Through the first three seasons of the College Football Playoff, the field has been largely comprised of bluebloods, with one “interloper” per year making an appearance as well.
In 2014, the interloper was Oregon. Michigan State filled the role in 2015 and Washington was your interloper of choice in 2016. But what about in year four, when seemingly all four names are among the biggest brands in college football?
Well, it’s the Georgia Bulldogs. That’s not to say UGA is without resources or fan support or history — quite the opposite. The Dawgs have all of those things. But that’s what also makes them the best-positioned interloper yet in this playoff era.
Look back at the previous teams to fit the bill, and (other than not being SEC teams) there was one common bond: Not being recruiting powers. Obviously Oregon, Michigan State and UW all recruited reasonably well going into those respective seasons. That’s how they won their leagues and ended up in the top four. But recruiting well for those programs — none of which are traditional powers — means top 20/30-level talent. Not top-10/15 level, as championship teams typically pull in.

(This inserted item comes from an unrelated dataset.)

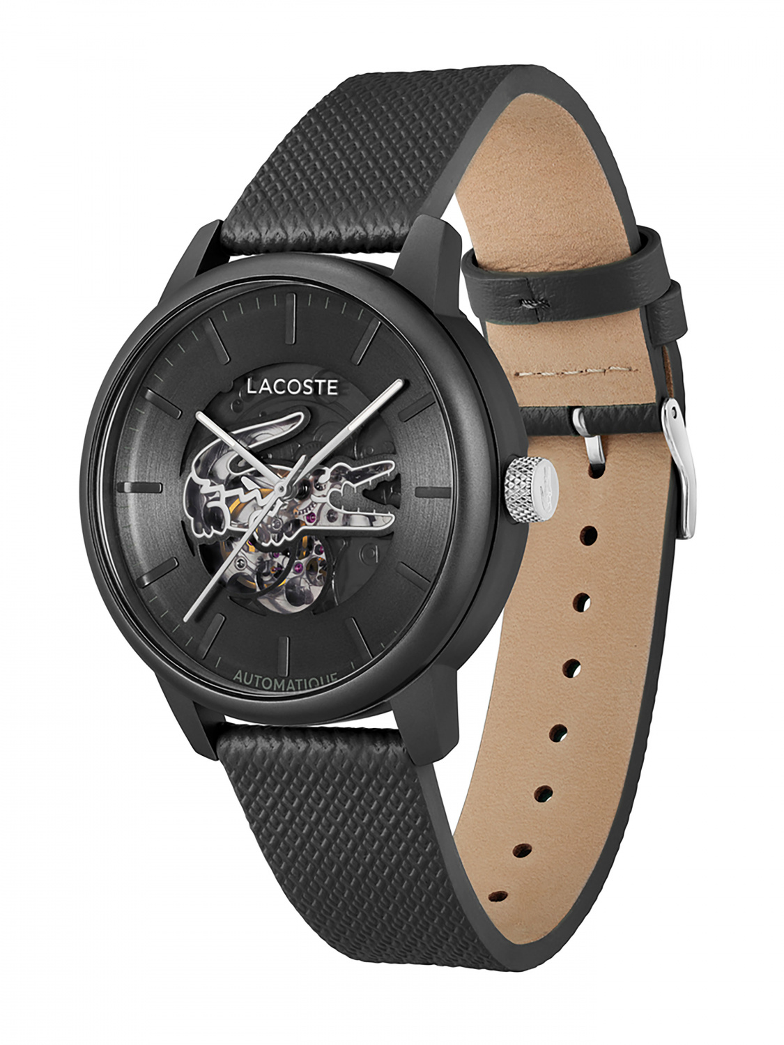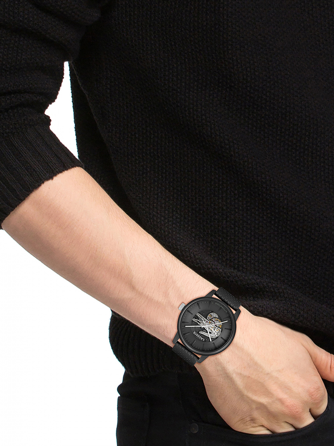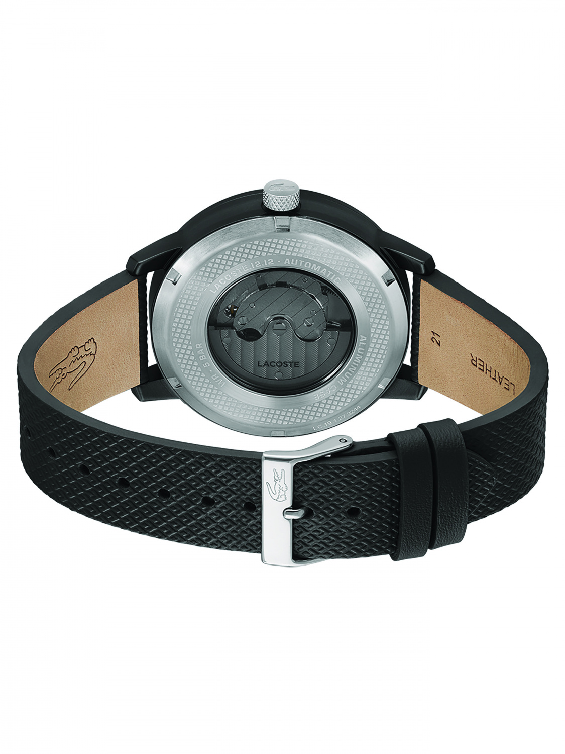 Круглый стальной корпус с PVD покрытием. Циферблат с логотипом бренда защищен минеральным стеклом устойчивым к появлени. царапин.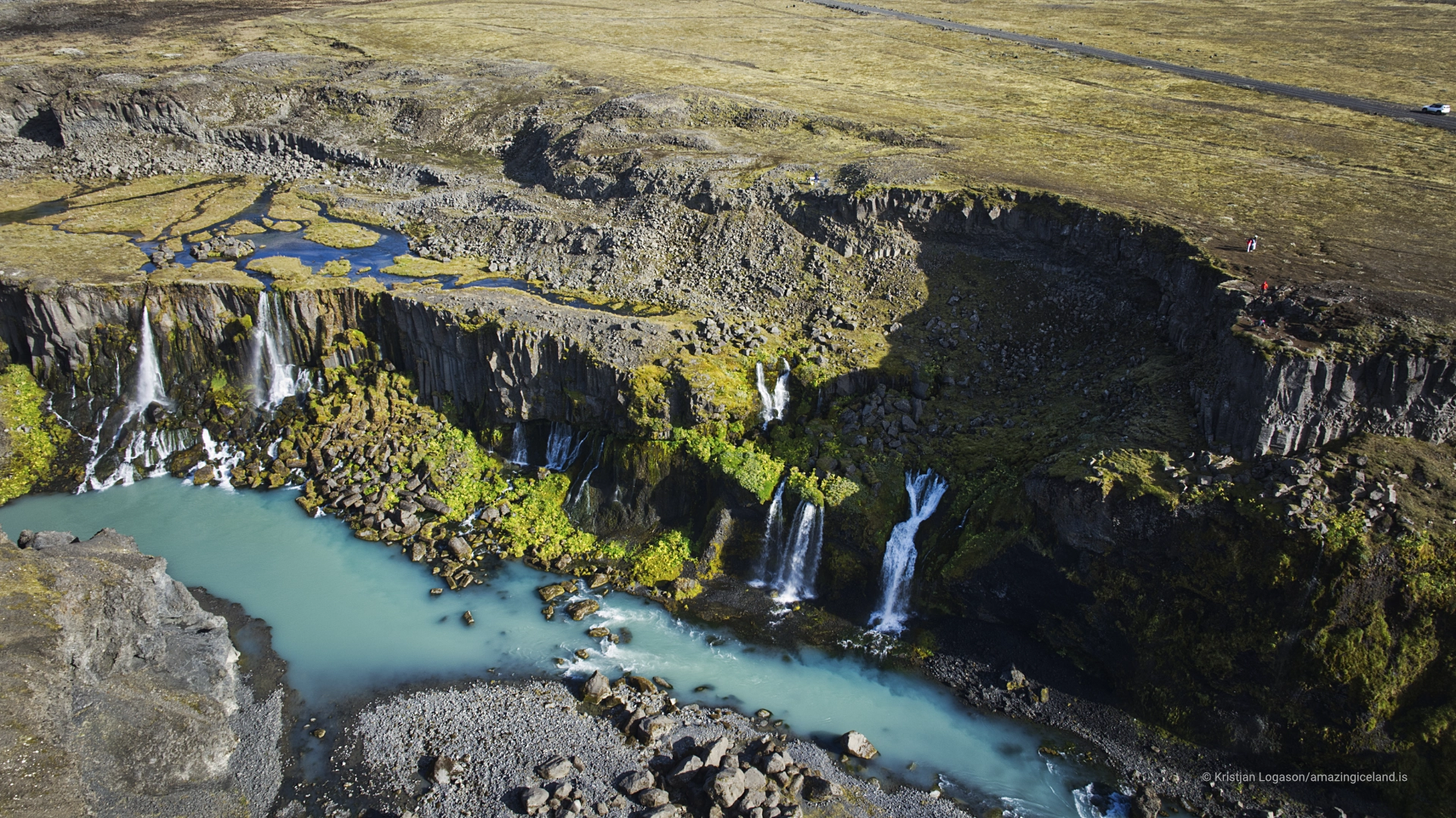 The canyon’s popularity increased significantly after aerial images circulated online, revealing patterns that are less obvious from ground level. From above, the turquoise water traces sharp bends and narrow channels, emphasizing contrast and repetition. While drones are often associated with this perspective, the underlying appeal is structural: Sigöldugljúfur is visually ordered, even though it is entirely the product of natural forces.

Georgia may not be a perennial national title contender (they have just two top-five finishes since 2003), but they’ve long attracted similar talent to one. The program’s two- and five-year recruiting rankings are both sixth in the country. Talent doesn’t always result in championships, as UGA has proven. But that’s far and away a better roster than what any of the previous interlopers brought to the table.
Teams can get past that talent gap to an extent. Oregon’s talent was top-20ish in the two years prior to the Ducks’ 2014 playoff bid, but it was the scheme that set them apart. It took them to the National Championship, but stopped dead in its tracks by Ohio State’s combination of size and speed.
Michigan State’s advantage was coaching in 2015, helping its top 25-level talent win the Big Ten (with some luck to also push the Spartans along). That worked well until running into the buzzsaw that was eventual national champion Alabama in a national semifinal game.
Last year, Washington was the biggest longshot yet to make the top four. The Huskies’ roster of top-30 talent had the advantage of coaching and an elite defense. That did them no good against the Tide, either.
Georgia’s talent is its distinct advantage over those previous teams. And with an experienced coaching staff (including Alabama-groomed Kirby Smart), the Bulldogs are far better equipped to win the requisite two games to take home this season’s national championship. Also helpful for them: UGA won’t face Alabama in the first playoff game… though they may have to in the second if the Crimson Tide manage to get past the No. 1-seeded Clemson Tigers.
But Georgia isn’t just a distinctly good team for a playoff interloper. They’re a distinctly good team by any measure, and have been all season.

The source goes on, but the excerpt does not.